Regulation of growth by light. How phytochrome operates?

you are: Regulation of growth by light

As in vegetative cages it is a little phytochrome and the small quantities of energy absorbed by this pigment, can cause the big physiological shifts, it is obvious that primary absorption of photons should be connected with cellular reaction by any mechanism of strengthening. Such mechanism could include management of function of genes, activity of enzymes, properties of membranes or the maintenance of such substances as the hormones, which are effective in minute quantities. All these processes, probably, take place in certain situations, but, judging by the newest data, ' the basic ' process which can result in all the rest, probably, regulation of functions of membranes is.

Ontogenetichesky reactions, such as initsiatsija flowerings, germination of seeds and deetioljatsija, undoubtedly, are connected with radical shifts in himizme, structure and function of vegetative cages. These shifts in turn depend on change of activity of many enzymes, and also from synthesis of new enzymes. As enzymes represent fibers and their synthesis is defined by translation and transcription processes, the condition fi-_ tohroma should influence or on any one of these processes, or on both. We do not know, how phytochrome carries out this influence. It could contact nuclear hromatinom, having thus direct influence on synthesis RNK and the squirrel; its influence could be and more thin, probably, connected with changes in kompartmentatsii ions in a cage and as consequence - in fiber synthesis. However the control of albuminous synthesis - not a unique way of action of phytochrome as many processes regulated by phytochrome do not depend on synthesis of fiber and are carried out too quickly.

As it is known, vegetative hormones quickly move on a plant and are effective in very small quantities. Consequences of transformations of phytochrome could be connected with synthesis or destruction of hormones or with their liberation or linkage. Apparently, any of these processes could occur quickly enough that it has allowed to explain even almost instant action of phytochrome. Synthesis or hormone splitting could be result direct fermentativnogo actions of Fdk or influence of Fdk on activity synthetic or gidroliticheskih the enzymes existing to an irradiation in a kind ' profermentov '. Linkage or liberation of hormones in places of their functioning or storage could result from updating of such places phytolame Fdk.

The Maintenance of four various hormones (gibberellinov, tsitokininov, etilena and auksina) in fabrics of the plants which have been grown up in the dark, quickly changes after a short irradiation red light whereas level of the fifth (abstsizovoj acids) changes at long influence of red light. As on gibberelliny, tsitokininy and etilen it is possible to remove influence of red light distant red light, a photoreceptor for these effects, undoubtedly, phytochrome serves. Fdk raises level gibberellinov and tsitokininov and reduces the maintenance auksina and etilena. Changes in the maintenance gibberellinov are most in details studied on etioplastah (plastidy from the fabrics which have been grown up in the dark), allocated of barley leaves. Short influence by red light after allocation causes a fast exit gibberellina from plastidy and slower increase of level of the hormone, connected, probably, with its synthesis. Fast effects, possibly, are caused by change of permeability of a membrane etioplasta. Red light or gibberellin causes in barley raskruchivanie leaves.

Numerous other fast effects of transformation of phytochrome too most likely are connected with changes in structure and function of membranes. To these effects in ' an attraction ' tips of roots of barley or masha changes concern negatively charged surface (fig. 11.17), changes in transmembrannom electric potential of cages and in ' sleepy movements ' leaves of some plants (fig. 11.18) which in turn depend on changes in movement of ions. As all these processes quickly react to a short irradiation red and distant red light, they, undoubtedly, can be result of changes of properties of membranes.
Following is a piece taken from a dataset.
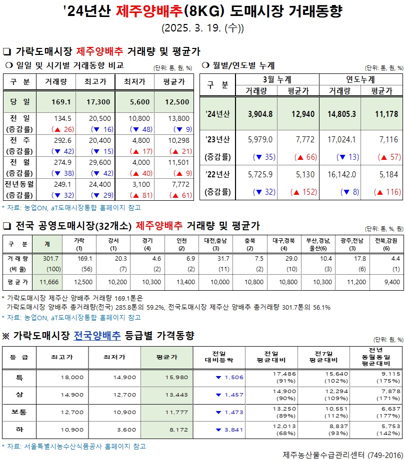 '24년산 제주양배추(8kg) 도매시장 거래동향(3/19)

The Hypothesis that phytochrome operates ' and level of membranes, is supported also with direct demonstration of inclusion of phytochrome and its functioning in artificial lipidnyh membranes (see gl. 2). The irradiation of such membranes red and distant red light causes the big changes in their electric resistance (rice 11.19). It speaks well for that.

That konformatsionnye changes hromofora phytochrome can change simultaneously and membrane structure. Other, slower and remote effects of phytochrome, such as activation of genes and ontogeneticheskie changes, possibly, can be a consequence of this initiating event; but it is possible that phytochrome operates at once not in one direction. As we will see in the following chapter, not all reactions supervised by phytochrome are localised within one cage; in certain cases the irradiation of one part of a plant influences development of the bodies which are on some distance. The certain reactions of this kind supervised by phytochrome, occur in etiolirovannyh fabrics, but the vivid examples concern a photoperiodic induction of flowering, klubneobrazovanija and rest (see gl. 12). Any hypothesis about the mechanism of action of phytochrome should explain not only local, but also spatially remote reactions.